Women coders are rated more highly by their peers, but only when the reviewers don’t know their gender.
Recently, computer science researchers from California Polytechnic State University and North Carolina State University published a study that examined the approval rate by gender of open-source code submissions to GitHub. (If you’re not familiar with how GitHub works, here is a short video that explains it pretty well.)
The more than 12 million people that use GitHub provided a great sample size for collection of this type of data. Of the three million submissions examined, code written by women was approved at a rate of 78.6 percent and male-written code was approved 74.6 percent of the time.
“The higher blind acceptance rate for code written by women is all the more impressive when you consider that men in the open source community overwhelmingly outnumber their female counterparts—who by various estimates make up only 1% to 11% of the population,” writes Amy X. Wang at Quartz.
Most shockingly, when female coders specified their gender on their profiles, the acceptance rate fell to 62.5 percent. So, even though female coders may actually be more adept at the job than men, raters are less likely to recognize this competence when they are aware of the coders’ gender. Unconscious bias strikes again.
(It should be noted that this study has yet to undergo peer review.)
2. The gender pay gap.
Although PayScale’s analysis reveals that the gender pay gap is actually smaller in the industry as a whole, it also shows that the gap increases as women move up the corporate ladder. At the executive level, it’s even worse than in non-tech industries – 5.6 percent in tech, vs. 5.4 percent in non-tech.
“If you work in tech and manage to get yourself a good job, the biggest challenge may be finding a work environment where you feel like part of the team, valued equally with the guys,” wrote Anne Krook in the report. “You know there is a gender pay gap out there, even in the supposed meritocracy of tech, and you know that it gets worse as people move into more senior roles, which you will do during your career.”
3. Retention rates.
Last summer, software developer Rachel Thomas wrote a post on Medium about the retention problem in the tech industry. She noted that women leave the field at a rate of 41 percent whereas men find an alternate career path only 17 percent of the time. Thomas feels (and other researchers concur) that the culture of the tech industry has a lot to do with it.

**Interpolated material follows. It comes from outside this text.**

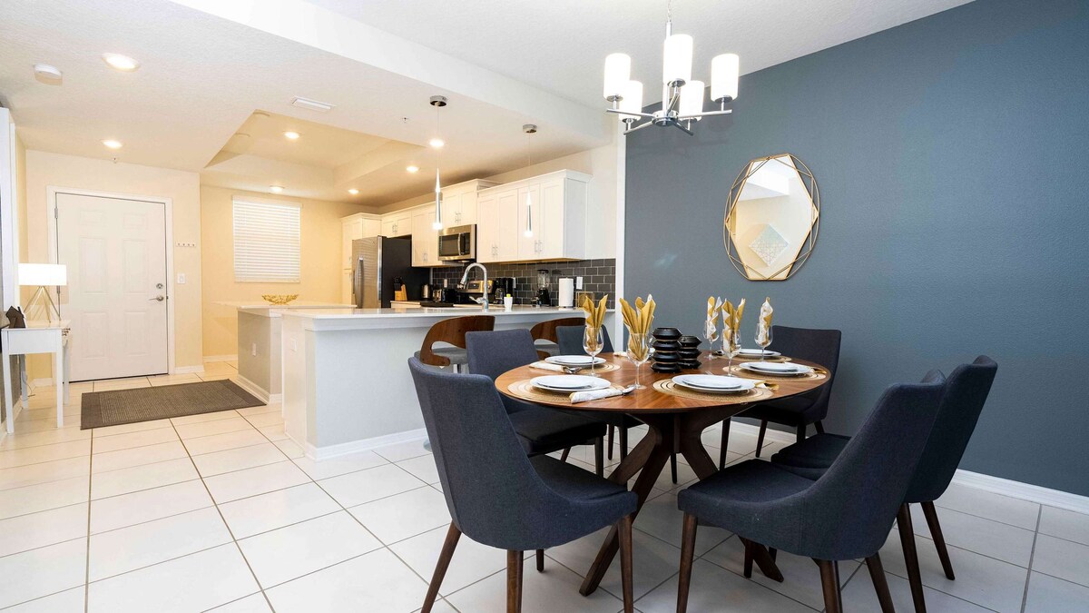 3 sovrum/2 badrum, 1300 kvadratfot 2:a våningen (hissar över korridoren). Rullstolsåtkomst till hiss på bottenvåningen. Boendet har vacker utsikt över dammen, poolen och majestätiska solnedgångar. Aktuellt golv genomgående. Dubbla granit handfat i badrum med badkar och dusch. Använder Active Pure UV luftreningssystem överallt. Nyckellöst låssystem. 7 miles från WDW. Steg från shopping, restauranger och lokala transiteringar. Perfekt familjeläge. Minuter från golf. Hörnenhet. Helt elektrisk.

“Because of the high attrition rate for women working in tech, teaching more girls and women to code is not enough to solve this problem,” wrote Thomas. “Because of the above well-documented differences in how men and women are perceived, training women to negotiate better and be more assertive is also not enough to solve this problem. Female voices are perceived as less logical and less persuasive than male voices. Women are perceived negatively for being too assertive. If tech culture is going to change, everyone needs to change, especially men and most especially leaders.”